The study had some limitations. As the COVID-19 pandemic was ongoing, there were restrictions on the patients’ ability to have face-to-face sessions with the trial leader. However, several patients stated that they would participate only if there were no mandatory sessions at the hospital. The patients also had the possibility of having their sessions using a digital conference system. As the intervention contact nurse and the participants almost never met in person, their relationships could have been affected. However, a partnership was established between the patient and the trial leader using a PCC protocol. This might have decreased the effect of not meeting in person. In a future RCT, it will be crucial for patients to have face-to-face relationships with the intervention contact nurse with whom they will build partnerships. This study did not identify when the intervention should stop, as it was decided before the intervention that it should last for 12 weeks.

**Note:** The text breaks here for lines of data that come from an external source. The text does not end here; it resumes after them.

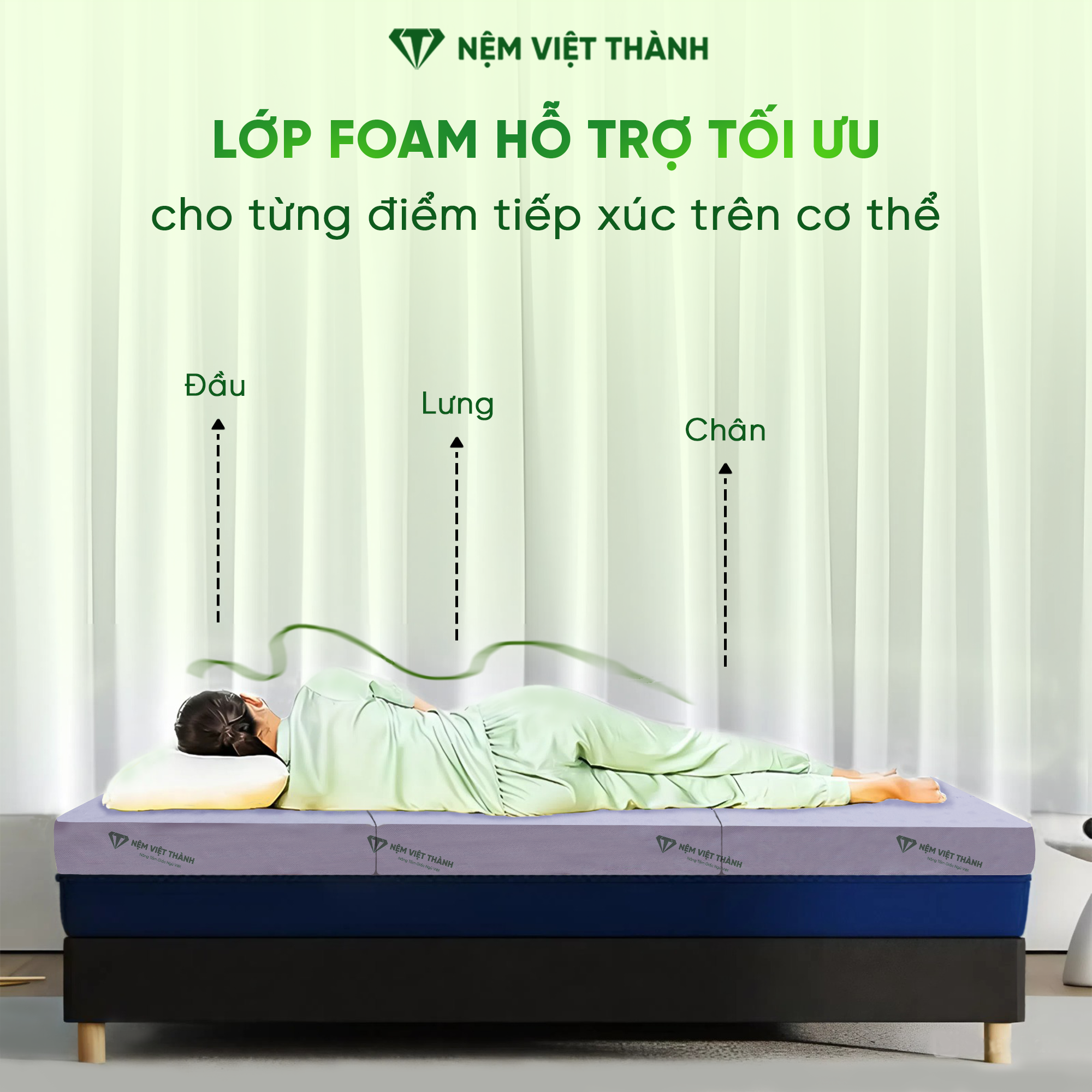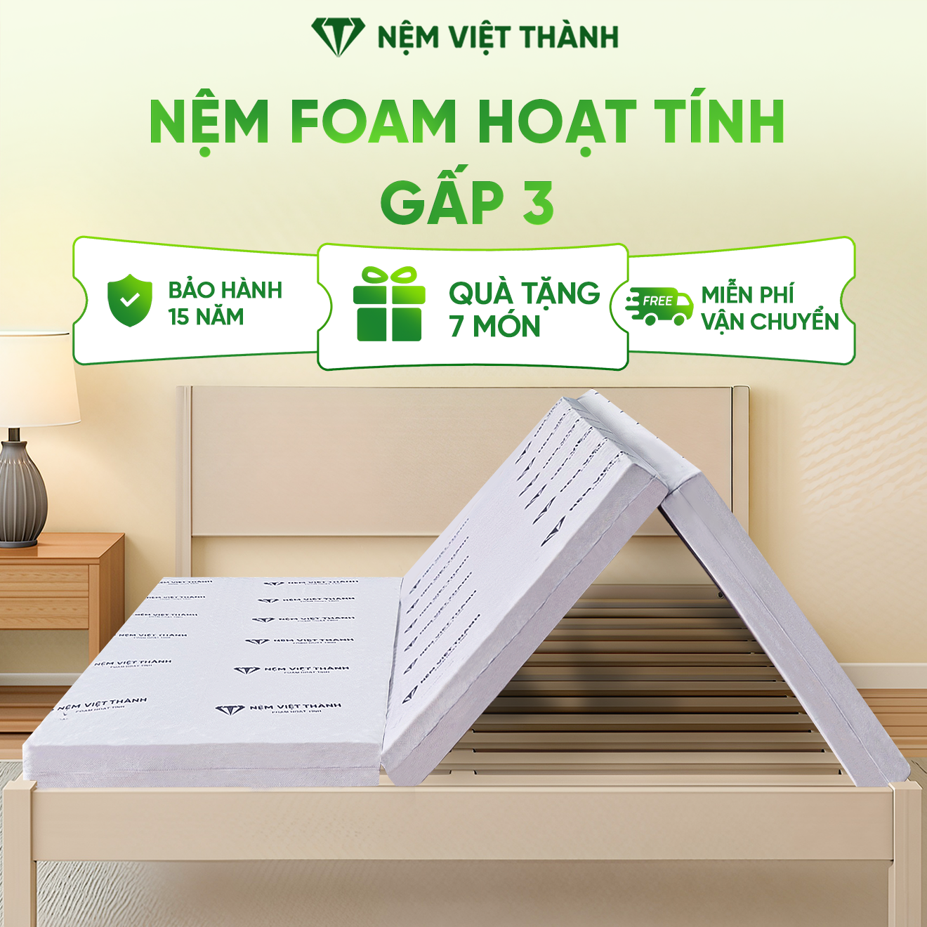 - Tên sản phẩm: Nệm Foam Hoạt Tính Gấp 3 Việt Thành
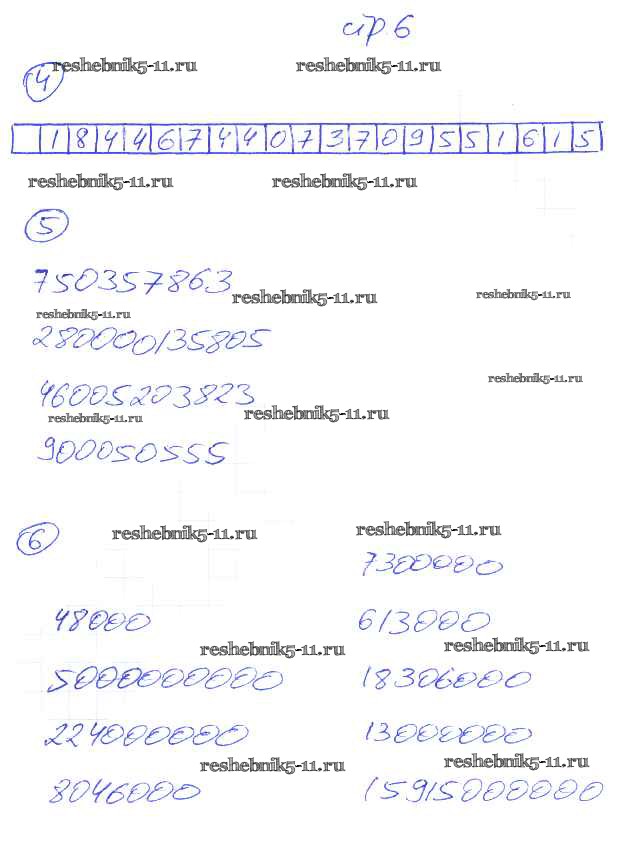 Готовая домашняя работа с ответами по Математике за 5 класс Ерина Рабочая тетрадь УМК Часть 1, 2 Экзамен 2013 ФГОС - Часть 1. Страницы 6
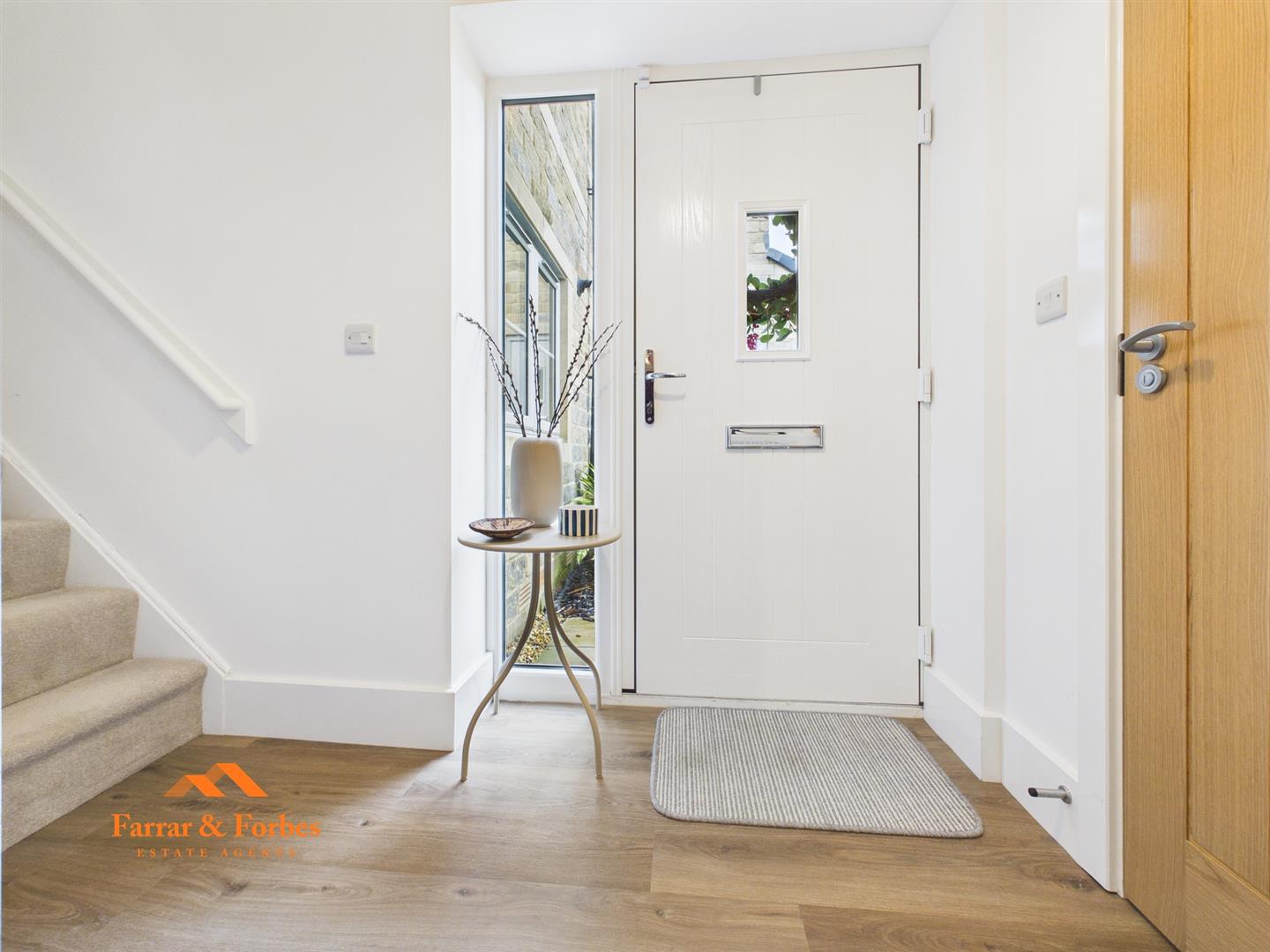 Approached via stone flagging to the front, the home enjoys an elevated setting that enhances its outlook and kerb appeal. The welcoming entrance hall leads to a convenient downstairs WC with hand wash basin. The lounge is generously proportioned, providing an excellent space for relaxing and entertaining, while oak internal doors throughout add warmth and a premium finish.

It might have been important for the patients in the intervention to have given this important information. However, seven of the 21 patients did not use the full 12-week intervention, which implies that a 12-week support programme is suitable. No patient actively asked for longer follow-up. All patients were allocated a contact nurse whom they could contact after the intervention if further questions were answered.

Conclusion

This intervention seems to be feasible regarding its process and resources and acceptable among patients, as 95% completed the 12-week support programme and 86% responded to the 3-month questionnaire. A telephone follow-up intervention seems to be the preferable way to administer the intervention. However, for self-efficacy and symptoms, there were no differences in effect size between the control and intervention groups, indicating that the intervention was less feasible regarding scientific challenges.